Nearly 40 per cent of child abuse cases investigated by the Ministry of Social and Family Development (MSF) in the past three years involved victims younger than seven, The Straits Times has learnt.
Yet, pre-schools have been found to be inadequate in spotting signs of child abuse, said experts, who called for regular standardised training for the teachers, which is currently not available.
This is important as many child abusers are immediate family members and pre-school educators become an important line of defence for the children, they said.
Child abuse includes physical abuse, sexual abuse, emotional or psychological abuse and neglect. They involve children up to age 16. MSF investigates cases in which the abuse happens within the family.
Over the years, the number of child abuse cases has shot up.
It more than doubled from 381 in 2014, to 873 last year. In 2015, there were 551 cases.
The authorities have said this is due to more rigorous screening tools that improved the detection and reporting of cases, and more people being trained by MSF to use these tools.
In a statement to The Straits Times last week, the Early Childhood Development Agency (ECDA) and MSF's Child Protective Service said that more will be done to train pre-school educators.
A system with an online manual that guides them on when and how suspected child abuse cases should be reported to the ministry will be rolled out from next month.
Online child protection training modules - which instructs pre- school educators in areas such as spotting signs of child abuse and using the screening tools - are also "in the early stages of development, and will undergo testing and enhancements before (being) made available in late 2018".
Currently, a 23-page Sector-Specific Screening Guide for educators is on ECDA's Child Care Link website for pre-school educators to refer to. It gives examples of situations that they are likely to encounter - including potential child abuse cases - and is meant to help them know which concerns should be reported to the ministry.
But a recent survey by the Singapore Children's Society (SCS) suggests that pre-school teachers are not well-trained in handling child abuse cases or are not aware of the resources available (see other story).
It polled 336 pre-school staff, of whom 60 per cent had more than 10 years of experience and 62 per cent were in leadership or management positions. Just over a quarter of those polled said they knew of the guide for educators.
The level of training in handling suspected child abuse cases - for would-be educators before they are certified - also seems to be patchy.
Seed Institute, the largest pre-school training provider, said all its diploma and certificate courses have content on this topic. Students learn about spotting signs of child abuse, reporting procedures and working with families in a two-hour session. Ngee Ann Polytechnic, which offers a diploma in early childhood education, said about eight hours is spent on covering content on child protection.

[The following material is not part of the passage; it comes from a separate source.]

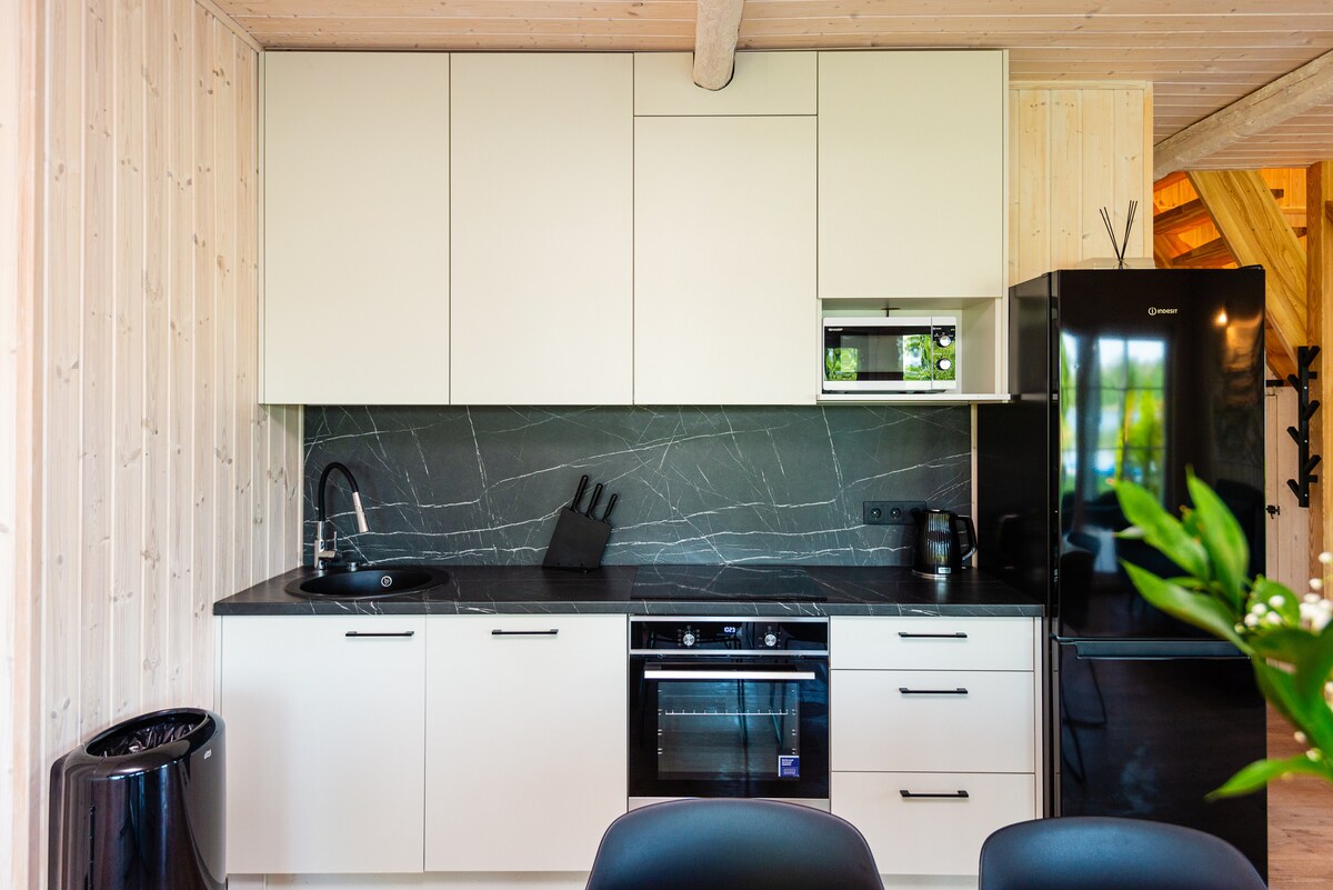 Made of 2 shipping containers, surrounded in forests, swamp and fields. This quiet place perfect for relaxing. It is located 7 km, from the centre of Tauragė city. Most important thing in our place are the view to the pond and swamp. Thats why the interior are very minimal, without any loud colours. The view changes in every season and every season can offer a diffrent feeling. Misty fields with swans in a pond or a bright sunshine cuddling your nose in the morning are the usual.
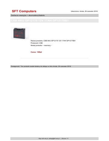 SFT Computers Utworzono: środa, 29 czerwiec 2016 Zasilacze awaryjne > akumulatory/baterie CSB AKU GP12170 12V 17AH GP12170B1 Nazwa produktu: CSB AKU GP12170 12V 17AH GP12170B1 Producent: CSB Model produktu: - nieznany - Cena: 188zł Dostępność: Ten produkt został dodany do sklepu w dniu środa, 29 czerwiec 2016 http://sft.net.pl | [email protected] | | Strona 1/1

SCS' course for pre-school teachers on handling suspected sexual abuse cases and imparting body safety skills to children - including how to differentiate between good and bad touches - lasts a full day. But this is an optional course and costs pre-schools $194 per participant, before subsidies.
Dr Rebecca Chan, a pre-school consultant with more than 18 years of experience, noted that all pre- school educators have to be certified first aiders, and suggested that training on handling suspected child abuse cases be done as part of refresher courses in first aid. First aid certificates are valid for two years.
SCS' chief executive Alfred Tan and educators agreed that it was vital for such training to "not be a one-off affair".
MacPherson Sheng Hong Childcare Centre principal Wendy Tan said: "It would be good for training to be done regularly because after a while, the knowledge could be forgotten or we take it for granted."
One of the survey respondents also suggested a registry of suspected child abuse cases, saying that parents sometimes re-enrol the child in another school where the abuse has not detected.
Mr Tan said: "Some pre-schools may worry that it would be troublesome to flag cases or that parents would be unhappy. But the child's best interests should be paramount."